Jerusalem’s intangible culture

Jerusalems-Intangible-1
Lady Tansiq Mausoleum.
This article inspired by conversations in the UNESCO office in Ramallah.

By Ali Qleibo| This Week in Palestine| Mar 2020

The homes we live in, the neighborhoods, the services rendered, the consumer lifestyle, the values and norms, and the way people interact is a world view in which tangible and intangible cultural expressions interweave to impart Jerusalem its unique character.

The ever-shifting, elusive “character” of Jerusalem is a reflection of the dynamic needs, desires, and wishes of its inhabitants. Intangible culture is not merely the listing of professions and trades; it is the sung parodies that advertise the new seasonal cucumber (asabe’ el bubbu ya khyar), and the variety of recipes that Jerusalamites swap about the best way to prepare artichokes and ‘akkube (a wild form of artichoke) or preserve bitter oranges both as marmalade and sharab, or even how to construct a kite using dough instead of glue, bamboo, and newspaper sheets.

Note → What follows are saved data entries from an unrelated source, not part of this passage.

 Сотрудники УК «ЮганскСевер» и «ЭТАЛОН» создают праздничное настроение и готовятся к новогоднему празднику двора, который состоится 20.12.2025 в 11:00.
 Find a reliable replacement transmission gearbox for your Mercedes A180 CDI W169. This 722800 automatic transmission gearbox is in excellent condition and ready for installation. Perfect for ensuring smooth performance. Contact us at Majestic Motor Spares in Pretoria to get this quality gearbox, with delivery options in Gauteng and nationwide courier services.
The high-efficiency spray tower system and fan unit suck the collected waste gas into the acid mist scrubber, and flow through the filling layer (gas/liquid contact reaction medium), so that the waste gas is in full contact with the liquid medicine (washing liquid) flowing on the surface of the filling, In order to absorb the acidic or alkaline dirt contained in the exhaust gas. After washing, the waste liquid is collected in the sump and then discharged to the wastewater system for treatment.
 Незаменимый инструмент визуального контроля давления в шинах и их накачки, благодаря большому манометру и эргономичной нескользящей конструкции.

It also includes visiting the cemetery to pray for one’s deceased close relatives after the early morning ‘Eid prayers and reciting the fatihah each time one passes by a cemetery, mausoleum, or maqam. It is the marking of the Muslim New Year with green olive twigs on house doors, the special sweets, and the family visits. The homes we live in, the neighborhoods, the services rendered, the consumer lifestyle, the values and norms, and the way people interact is a world view in which tangible and intangible cultural expressions interweave to impart Jerusalem its unique character. It is the human art of making life livable.

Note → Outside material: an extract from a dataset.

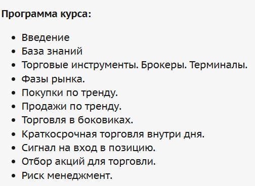 По данным из этих сайтов, на курсе рассматривались фазы рынка, покупки и продажи по тренду, а также отбор конкретных инструментов для трейдинга, учет рисков и торговые инструменты.
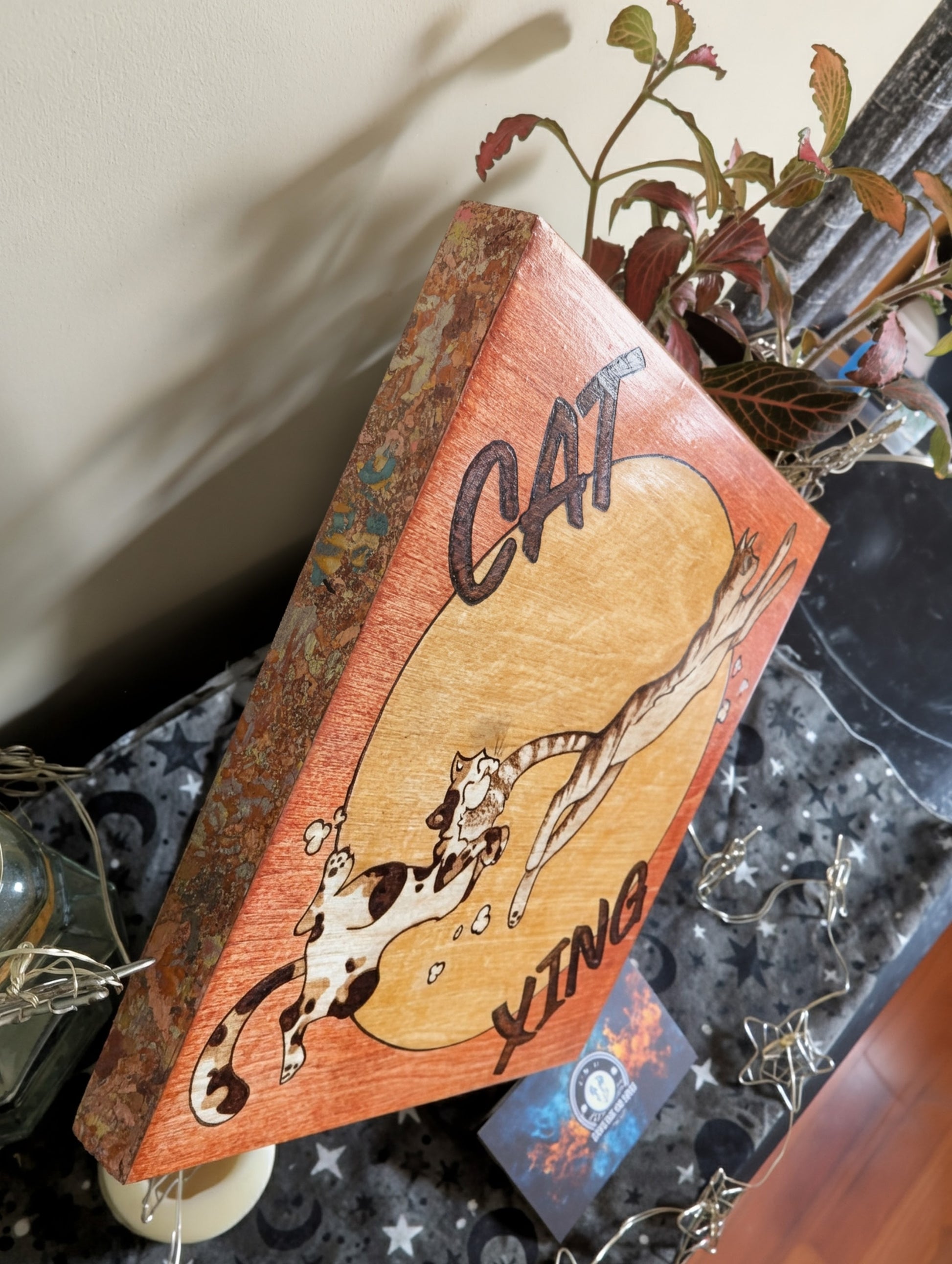 Cat - Xing Sign, Pyrography w/ Stain, Desk/Wall Art

The memory of the Afghani and Indian knife and scissor sharpeners huddled under their respective tents around the water fountain in Suq Aftimos brings to mind a city and trades that have vanished. They stooped over their grinding wheels that hissed and sparked flashes of fire that quickly turned to black cinder. Customers watched as their kitchen knives, scissors, and shaving-knife blades were sharpened.